Suppose a client sends a write on object foo to osds 0, 1, 2. osds 1
and 2 are shut down, but not before osd 0 records the update to foo
locally. At this point, osd 0 is informed that osds 1 and 2 have gone
down. However, min_read_size=1, so it begins accepting reads (*). A
client reads foo, so osd 0 returns the new state. osd 0 goes down.
osd 1 and 2 come back up. The client reads foo again. osd 1 (now the
primary) returns its copy of foo, but it is out of date resulting in
an inconsistent read.
Without min_read_size, (*) can't happen unless min_size=1, in which
case (**) won't happen until osd.0 comes back up. On the flip side,
with min_size=2, (*) will result in osd.0 finding another osd to bring
up to date prior to accepting reads and writes (as there'd be enough
copies then). If it dies prior to that point, at osd.1 and 2 can
safely assume that their state must be new enough to safely serve IO.
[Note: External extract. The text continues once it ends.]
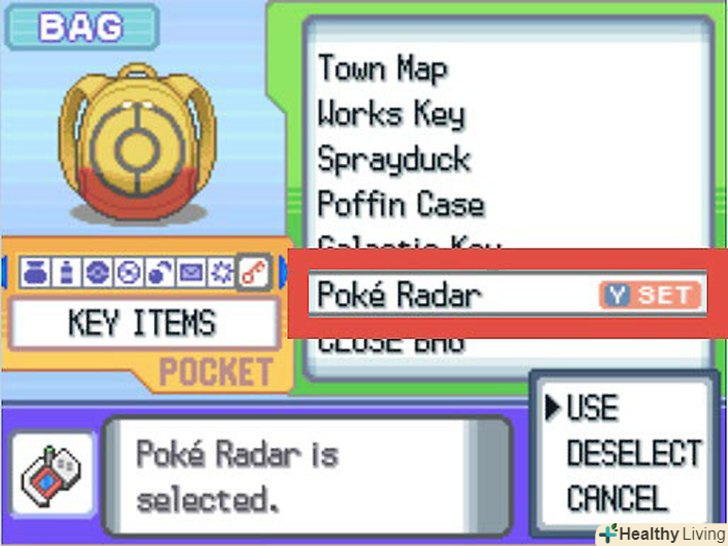 Зайдіть в траву. Радар працює тільки в невисокій траві, так що спершу знайдіть таку. Використовуйте Repel, за допомогою якого ви зустрінете тільки того покемона, якого можна знайти в трясучій траві (за умови, що рівень ваших покемонів вище рівня диких покемонів в цій локації). Ви також не повинні перебувати на велосипеді. Коли ви опинитеся в потрібному місці, застосуйте радар.

This is not the only valid choice in the design space, but they all
involve tradeoffs. For instance, if we perform non-destructive writes
and therefore have prior copies of foo, we could conceivably return a
prior version of foo known to have been committed to min_size
replicas, but that would in general require something like an
additional distributed commit prior to acking to the client or serving
reads (to ensure that all replicas have the new read bound) on the
object in addition to the overhead of non-destructive writes (and I'm
almost certainly missing things even so).
-Sam
On Tue, Jan 12, 2021 at 7:10 AM Prasad Krishnan
<prasad.krishnan(a)flipkart.com> wrote:
Hi Sam,
Thank you for responding and apologies for missing out your reply.....noticed it
recently.
On Tue, Jan 5, 2021 at 6:16 AM Sam Just <sjust(a)redhat.com> wrote:
Part of the answer is that going "readable" with read_min_size
replicas has a side effect of committing any writes those replicas
happen to know about whether they were actually committed to
write_min_size replicas or not because once we've served a read
reflecting those writes, all future reads must also reflect those
writes.
I'm wondering why it isn't a problem now? If there's a mechanism that
prevents uncommitted write transactions from being read now, I can't see
how read/write min_size separation would break that.
Thanks,
Prasad Krishnan
-Sam
On Thu, Dec 24, 2020 at 6:14 AM Prasad Krishnan
<prasad.krishnan(a)flipkart.com> wrote:
Dear Ceph developers,
Presently Ceph has a single config option named min_size which decides the minimum number
of copies that must be available before any client I/O operation (read or write) can be
performed on a given RADOS pool.
Would it make sense to split it into two i.e. read_min_size and write_min_size to allow
better data availability?
For instance, in a pool with replication size of 3 (where 3 copies are stored), if two
OSDs go down, we would want to avoid client write operations (to reduce risk of data loss)
but allow client read operations from the single copy that is available. This can be done
by setting read_min_size to 1, but retaining write_min_size to 2.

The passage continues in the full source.